Блюменфельд взял совок, добавил угля в круглую чугунную печку, стоявшую посредине комнаты, и, погрев пальцы, вернулся к реалу. Правая рука его быстро и легко металась по клеточкам наборной кассы, будто он собирал ягоды в кошелку, ловкие пальцы левой с еле слышным стуком прижимали к верстатке литеру за литерой, пока не набиралась полная строка.

Владимир Ильич, не расставаясь с газетным листом, прошел между реалов к одному из окон. Присмотрелся. Одинарная рама не законопачена, не заклеена. А вторых - зимних - рам здесь вообще не знают. В щели дует холодище.

- Вы, Иосиф Соломонович, поберегитесь. - Глазами указал на второе окно, возле которого стоял наборщик. - Тут недолго и простудиться. На дворе ужасная непогодица, и по всей Европе ходит инфлуэнца.

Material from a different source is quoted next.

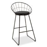 Σκαμπό μπαρ Seth pakoworld μεταλλικό μαύρο με μαξιλάρι PVC μαύρο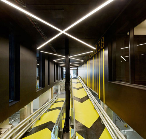 在倫敦芬斯伯里廣場經(jīng)??吹胶芏嗳蓑T著自行車進入到Alphabeta大樓,沿著一條醒目的黑黃相間的熒光坡道直接騎行至地下室。這里有超過兩百多輛的自行車停車位,還配有專門的更衣室和儲物柜、以及自行車維修空間。這里是倫敦首個可以騎行入內(nèi)的辦公大樓,也是本案與眾不同的一大亮點,鼓勵健康出行的生活模式。這幢大樓的每個空間都可以騎著自行車去欣賞、去體驗。

- И вам бы лучше не стоять у окна.

- Я уже отдал дань простудной напасти.

На дворе, видать, немного похолодало: мимо черных стекол падали пушистые снежинки. Хотя тут же превращались в капельки, стекавшие тонкими струйками. И все же это долгожданные снежинки! А в Шушенском, бывало... Вот в такую же декабрьскую пору катались с Надей на коньках! Правда, она не сразу научилась держаться на льду, делала неловкие шаги, нередко падала. И всегда с веселым смехом. Мороз румянил ей щеки, наращивал пушистый иней на прядях волос, выбившихся из-под шапочки. Домой возвращались будто слегка захмелевшие от чистого воздуха. Хотя и под надзором жили да у черта на куличках, вспомнить есть что. А здесь... Лишь работа приглушает остроту одиночества. Ему не хватает ни дней, ни часов. Помощи пока ждать не от кого. Юлий* все еще налаживает связи где-то на юге России. Потресов заладил одно: "Домой, домой". Уехал ни на что не глядя. Вернется, быть может, только через неделю. Димка* занята со своим малышом. Почти все приходится делать самому. Но теперь уже не так долго ждать Надю: приедет - возьмет в свои руки секретарство, наладит шифрованную переписку с товарищами. А пока... Пока самое сложное - "транспорт!". Ох и трудное же это дело! Нужны деньги, энергичные люди. Успеть бы к Новому году по российскому календарю переправить газету через границу. Прежде всего в Псков Лепешинскому, а уж он сумеет доставить куда надо.